Data extracted from a collection

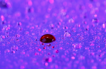 Abstract image of Water drop on floor with red and blue lighting effect background.
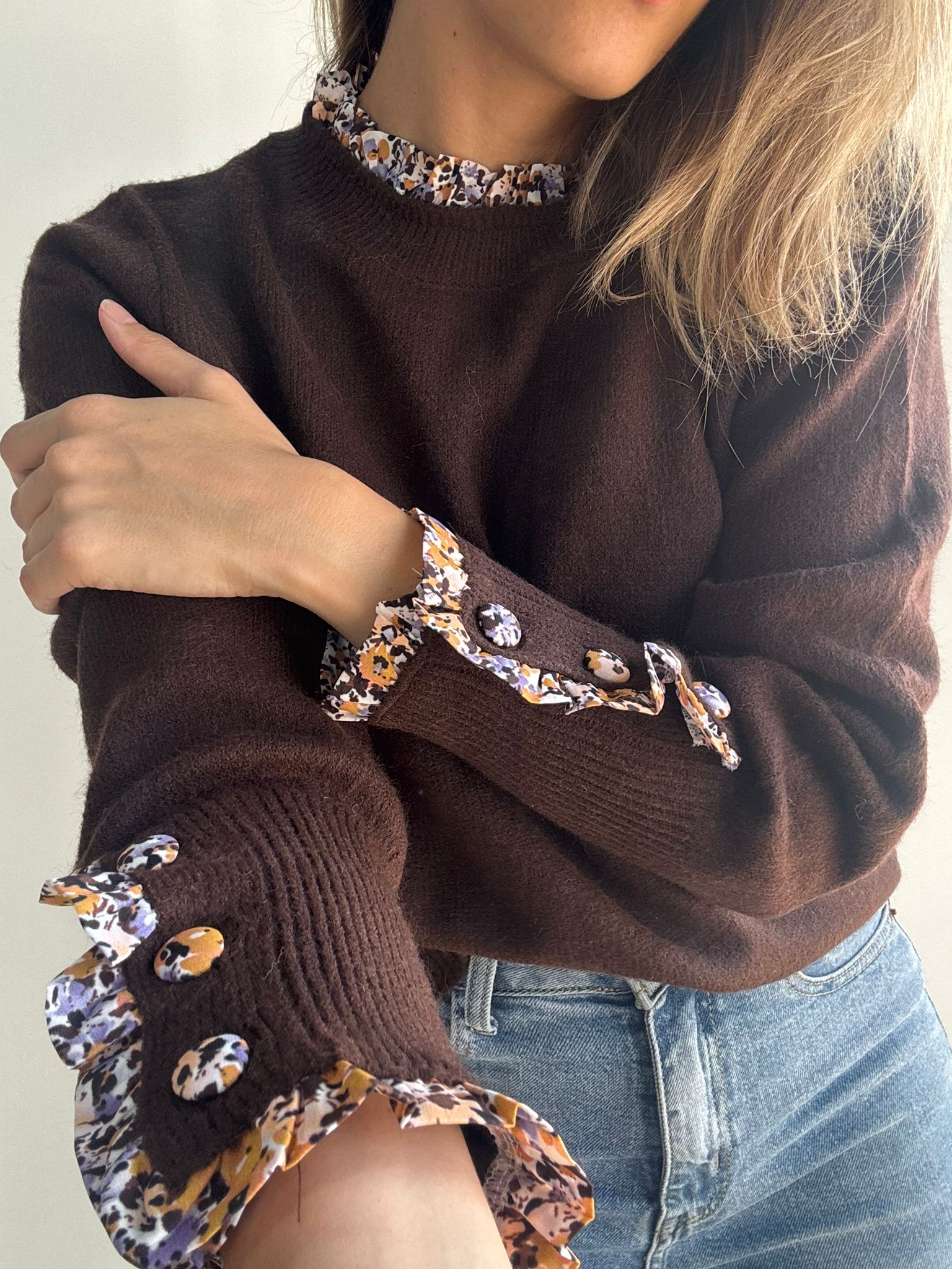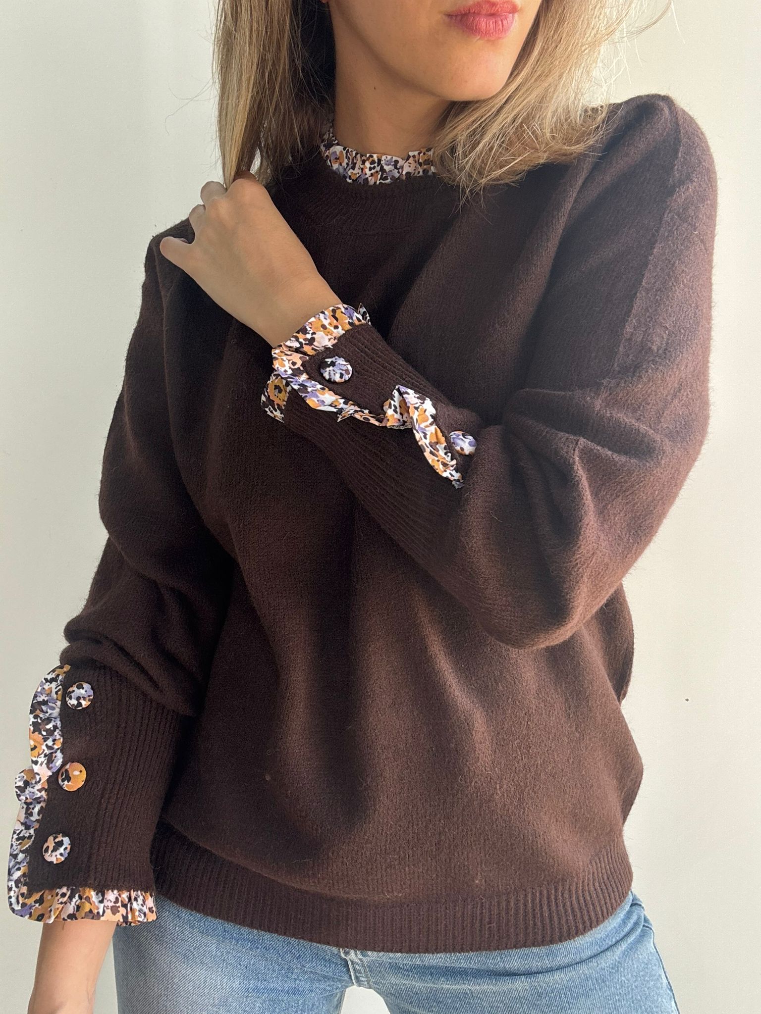 Jersey en color marrón chocolate de tacto suave con estampado floral en el cuello y en los puños con detalles de botones decorativos. Talla única.
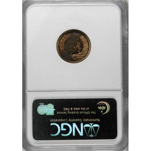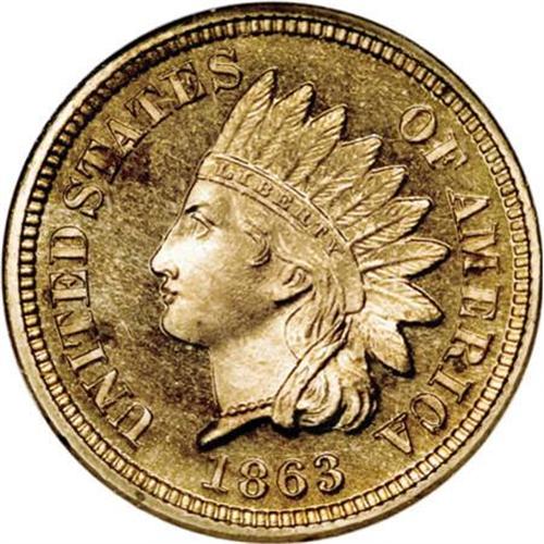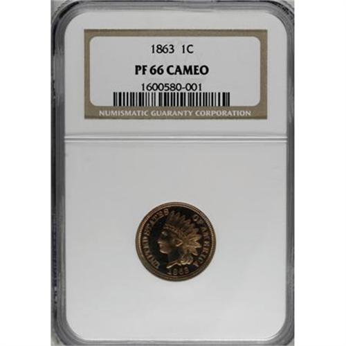 <B>1863 1C PR66 Cameo NGC.</B></I> During the Civil War, the Mint was producing Indian cents out of a composition consisting of 88% copper and 12% nickel, the same composition that had been in use since the first small cents were produced in 1856. During this time, these were simply called nickel cents or nickels, not because of the denomination, but because of the composition. In the next year, the composition was transitioned to bronze, a much easier alloy to work with. This high quality proof is sharply struck right down to the diamonds on the ribbon. Raised vertical die lines are visible directly in front of the Indian's eye. Attractive cameo devices are surrounded by reflective fields, and the entire coin has pleasing pinkish-red coloration. A few splashes of iridescent toning are present on the obverse, with a band of lilac and blue on the reverse. Census: 5 in 66 Cameo, 2 finer (6/07).<BR><I>From The Santa Fe Collection.</B></I><BR><BR><b>Shipping:</b> Coins & Currency (<a target="_blank" href="http://www.heritageauctions.com/common/shipping.php">view shipping information</a>\)
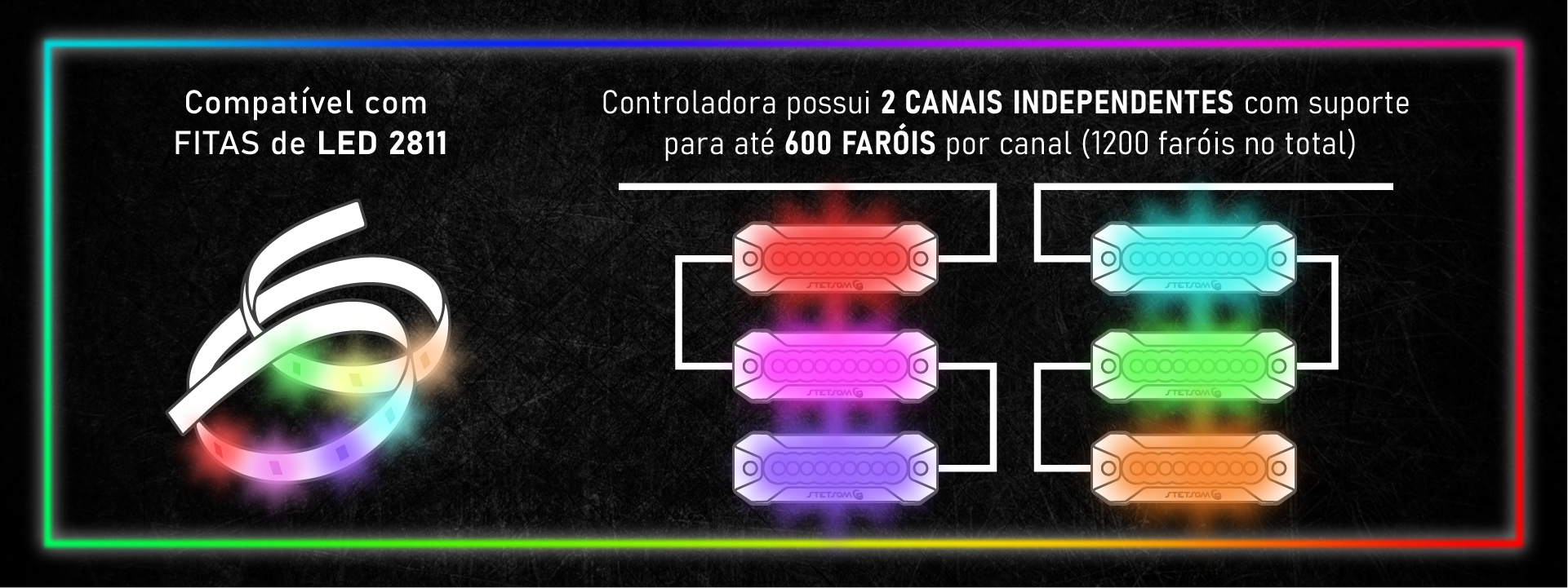 – Controladora oferece 2 canais de saída com efeitos de iluminação independentes. Compatibilidade com fitas LED no padrão de comunicação 2811 e suporte para até 600 faróis para cada canal.
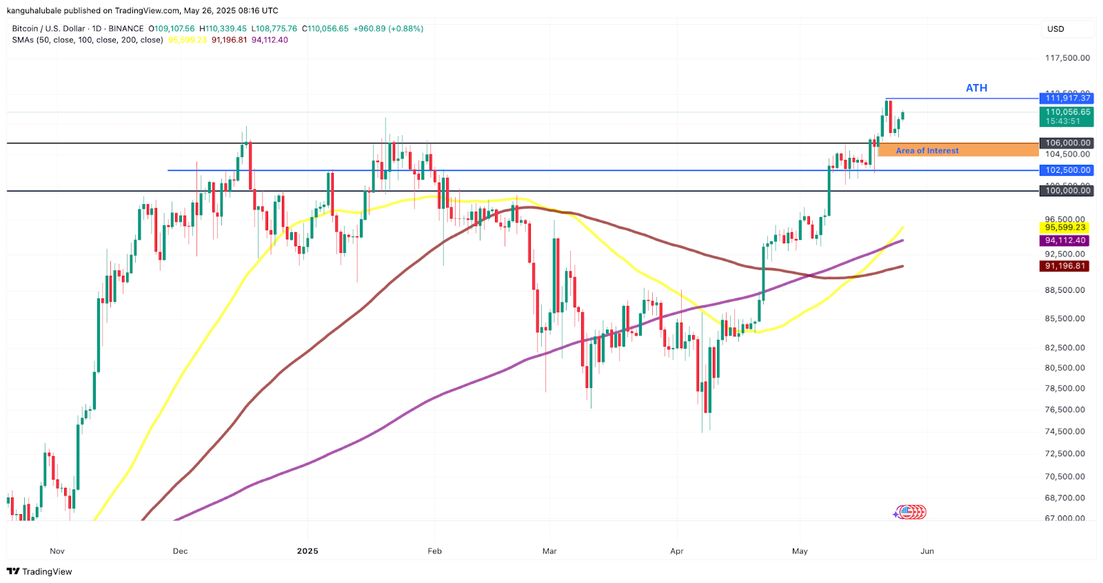 Data from Cointelegraph Markets Pro and TradingView revealed that BTC rose by as much as 3.2% to an intraday high of $110,100 on May 26 from a low of $106,660 on May 25.
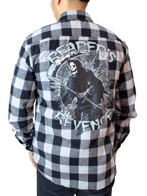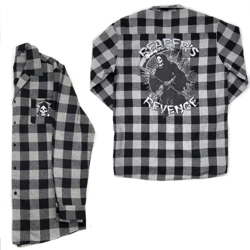 Reapers Revenge Grey Flannel Shirt, grey and black plaid flannel button up with two front pockets and double buttoned sleeves, extra cuff button for roomier cuff!
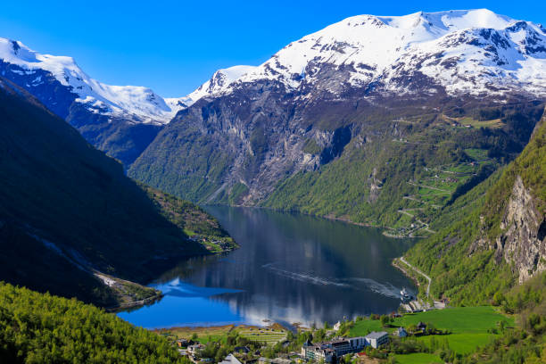 夏天的盖朗厄尔峡湾,山顶的积雪还没融化,山脚下的草甸开满了黄色的野花,乘游船时能看到瀑布的水雾在阳光下形成彩虹,偶尔有驯鹿从山坡上跑过;冬天的峡湾被冰雪覆盖,变成了白色的世界,夜晚坐在峡湾边,能看到绿色的极光在天空中舞动,与雪山、峡湾构成一幅梦幻的画面;徒步“老鹰之路”,沿途的观景台能俯瞰整个峡湾,弯曲的公路像银蛇一样缠绕在山间,壮观得让人说不出话。

Exercise details: Produce a verbatim copy of every entry, excluding pictures.

Written solution:
 Abstract image of Water drop on floor with red and blue lighting effect background.
 Jersey en color marrón chocolate de tacto suave con estampado floral en el cuello y en los puños con detalles de botones decorativos. Talla única.
 <B>1863 1C PR66 Cameo NGC.</B></I> During the Civil War, the Mint was producing Indian cents out of a composition consisting of 88% copper and 12% nickel, the same composition that had been in use since the first small cents were produced in 1856. During this time, these were simply called nickel cents or nickels, not because of the denomination, but because of the composition. In the next year, the composition was transitioned to bronze, a much easier alloy to work with. This high quality proof is sharply struck right down to the diamonds on the ribbon. Raised vertical die lines are visible directly in front of the Indian's eye. Attractive cameo devices are surrounded by reflective fields, and the entire coin has pleasing pinkish-red coloration. A few splashes of iridescent toning are present on the obverse, with a band of lilac and blue on the reverse. Census: 5 in 66 Cameo, 2 finer (6/07).<BR><I>From The Santa Fe Collection.</B></I><BR><BR><b>Shipping:</b> Coins & Currency (<a target="_blank" href="http://www.heritageauctions.com/common/shipping.php">view shipping information</a>\)
 – Controladora oferece 2 canais de saída com efeitos de iluminação independentes. Compatibilidade com fitas LED no padrão de comunicação 2811 e suporte para até 600 faróis para cada canal.
 Data from Cointelegraph Markets Pro and TradingView revealed that BTC rose by as much as 3.2% to an intraday high of $110,100 on May 26 from a low of $106,660 on May 25.
 Reapers Revenge Grey Flannel Shirt, grey and black plaid flannel button up with two front pockets and double buttoned sleeves, extra cuff button for roomier cuff!
 夏天的盖朗厄尔峡湾,山顶的积雪还没融化,山脚下的草甸开满了黄色的野花,乘游船时能看到瀑布的水雾在阳光下形成彩虹,偶尔有驯鹿从山坡上跑过;冬天的峡湾被冰雪覆盖,变成了白色的世界,夜晚坐在峡湾边,能看到绿色的极光在天空中舞动,与雪山、峡湾构成一幅梦幻的画面;徒步“老鹰之路”,沿途的观景台能俯瞰整个峡湾,弯曲的公路像银蛇一样缠绕在山间,壮观得让人说不出话。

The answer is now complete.